Минут десять совершенно ошалелым я стоял посреди родного города, держась рукой за дерево, пока не вспомнил, что опаздываю на приём, но и тогда мысли продолжали пребывать в хаосе… Что делать? Отправиться домой? И что я скажу родителям? Что сбежал от врача? Не слишком ли далеко убежал? Пойти к Петьке? А что потом? Вернуться в Волгоград? Но как? На поезде больше суток, да и билетов наверняка не купить.

Трезвая мысль пришла не скоро. Если я каким—то Макаром попал в Саранск, то не может ли тот же Макар перебросить меня обратно? Мысль бредовая, если уж честно, но и положение было бредовым, а других вариантов в голову всё равно не пришло. Я вернулся на остановку, дождался троллейбуса и поехал. Ни на что не надеясь, но… Со второго раза у меня получилось. Я вновь оказался в Волгограде и даже не слишком опоздал на приём.

Наверное, это был единственный визит к зубному врачу, когда сидя в кресле я думал не о визжащей внутри головы бормашине.

– 2-

– … и выход к вокзалам: Ленинградскому, Ярославскому и Казанскому, – доложил совсем другой голос, но тоже весьма торжественно.

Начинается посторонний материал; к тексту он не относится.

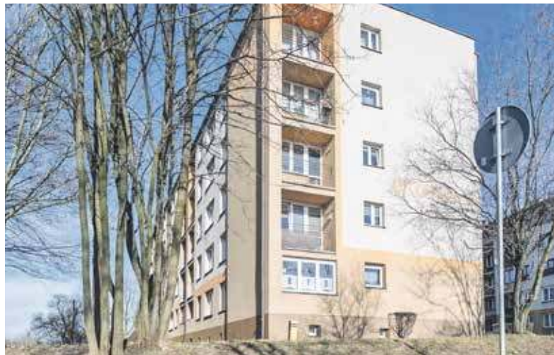
Łagiewnickie budynki będą ogrzewane dzięki OZE

PEC może mówić o sporym sukcesie, bo chętnych do zdobycia wsparcia było w naszym województwie dużo. Ostatecznie dofinansowanie otrzymały 74 projekty o łącznej wartości prawie 165 mln zł. W przypadku każdego z nich chodzi o budowę infrastruktury służącej do produkcji i magazynowania energii z odnawialnych źródeł na budynkach użyteczności publicznej.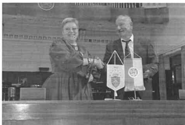
Semnarea Acordului de colaborare între Universitatea de Vest Vasile Goldiș Arad și Universitatea din Pécs

В вагон врываются пассажиры со всех трёх вокзалов. Чемоданы, тюки, тележки. Ругань коренных москвичей на приезжих, ещё более крепкая брань москвичей не столь коренных, ответная ругань, как пулемёты осаждённого дота. Я едва успеваю высунуться и взглянуть назад. Чёрт! Сильно удивлённым оказался в итоге я сам: Бомж с Пронырой барахтаются в толчее, пытаясь пробиться вперёд. Это им удаётся, и они оказываются на один вагон ближе.

Делать нечего – начинаю перебегать на каждой станции, пока не оказываюсь в самой голове поезда. Облокотившись спиной о дверь кабины машиниста, я обречённо констатирую, что дальше бежать некуда.

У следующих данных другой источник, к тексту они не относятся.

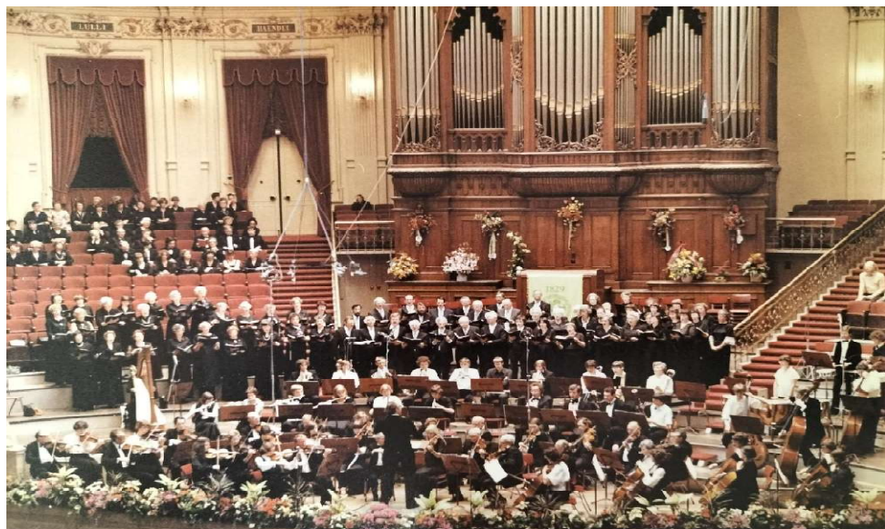
Toonkunst Wageningen in Concertgebouw Amsterdam ter gelegenheid van 150 jaar Maatschappij tot Bevordering der Toonkunst op 25 en 26 mei 1979. Grote Zaal Concert Gebouw Amsterdam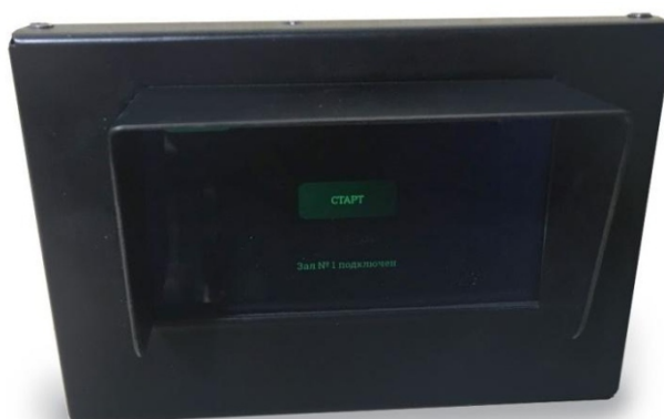
Рис.3 Приемник субтитров

Индивидуальный приемник субтитров (рис.3), предназначен для приема и воспроизведения на встроенном дисплее передаваемых передатчиком субтитров.

Выскакиваю на Кропоткинской. Перед носом громадина ХХС. Беру правее, на бородатого мужика. Памятник то ли Марксу, то ли Энгельсу – не понять, потому что поверх настоящего имени масляной краской выведено «Пётр Кропоткин». Мне плевать на бородатые разборки, быстро иду мимо. Оглядываюсь. Мои недоброжелатели шустро перебегают дорогу на красный свет. И ни одного чёртова гаишника поблизости, ни одного нувориша на бронированном мерсе, чтоб раскатать наглецов по асфальту.

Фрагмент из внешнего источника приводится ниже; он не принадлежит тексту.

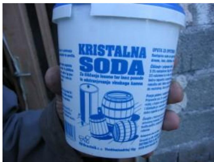
Sl. br. 3 Kristalna soda

To radimo tako da bačvu prvo napunimo hladnom vodom i ostavimo je tako napunjenu 2 - 3 dana. Nakon toga izlijemo vodu i bačvu ovinjavamo vrelom (prokuhanom) vodom u kojoj je otopljen natrijev karbonat (soda) 4 - 5 kg/100 litara. Bačvu zatvorimo i valjamo dok se voda ne ohladi. Vrlo je bitno da se voda u bačvi ohladi jer se hlađenjem vode u bačvi stvara podtlak koji iz duga izvlači tanin i druge nepoželjne tvari.

Быстрым шагом иду по Остоженке в сторону «Парка культуры». Оба преследователя спокойно идут вслед за мной. Бомж давно скинул лохмотья и теперь больше похож на советского инженера. Проныра то и дело лазит рукой за пазуху. Проверяет пистолет? Похоже. Не яблоки же у него там. Будет стрелять? Среди старой застройки прохожих негусто. Может и будет. Перехожу на бег. Ещё немного осталось. Выдержу.

Сбавляю темп лишь в толчее подземного перехода. Здесь не разбежишься – народу полно, да и внимание привлекать не стоит – остановят менты, начнут прописку спрашивать, билеты требовать. А где я их возьму, билеты—то?

Проныра стрелять не рискует. Это радует. Однако, что делать дальше?

***

Пятнадцать лет – хороший возраст. Уже нет доверчивого ребёнка, но ещё не вылеплен системой забитый, загнанный на кухни и в курилки человек страха. У меня хватило ума сохранить обретённое знание в тайне от всех, и не достало осторожности тут же о нём забыть.

Правда, корысти от открытия оказалось немного. Разве что экономия на билетах. Но не будешь же к родственникам каждый день ездить – подозрение вызовет, да и зачем? Ну так, катался на «квадрате» погулять – в Волгограде тусовка поживей смотрелась, не то что в Саранске. Тусовался – да, но близко ни с кем не сходился. Ни там, ни дома.

Я стал обладателем сокровенным знанием, и это наложило отпечаток на мои отношения с людьми. В школе я превратился из общительного, настырного и бойкого мальчишки в угрюмого замкнутого индивидуалиста. Во дворе и вовсе перестал появляться.

Тайна встала между мной и сверстниками, она варилась внутри меня, ломая прежние черты характера… Но она же дисциплинировала, заставляя следить за словами и поступками. Магнитофонные катушки, спортивные сборы, соревнования, игры, книги перестали иметь значение. Впрочем, нет, книги остались, но, отстранившись от прежних друзей, я перебрался в читальный зал городской библиотеки, где и поглощал томами научную фантастику в полном одиночестве. Приятели не заметили потери, а девушки тогда ещё не настолько интересовали меня, чтобы выбирать между ними и тайной.

Всё эти изменения в себе я, конечно же, осознал значительно позже, а тогда мне просто казалось, что я взрослею.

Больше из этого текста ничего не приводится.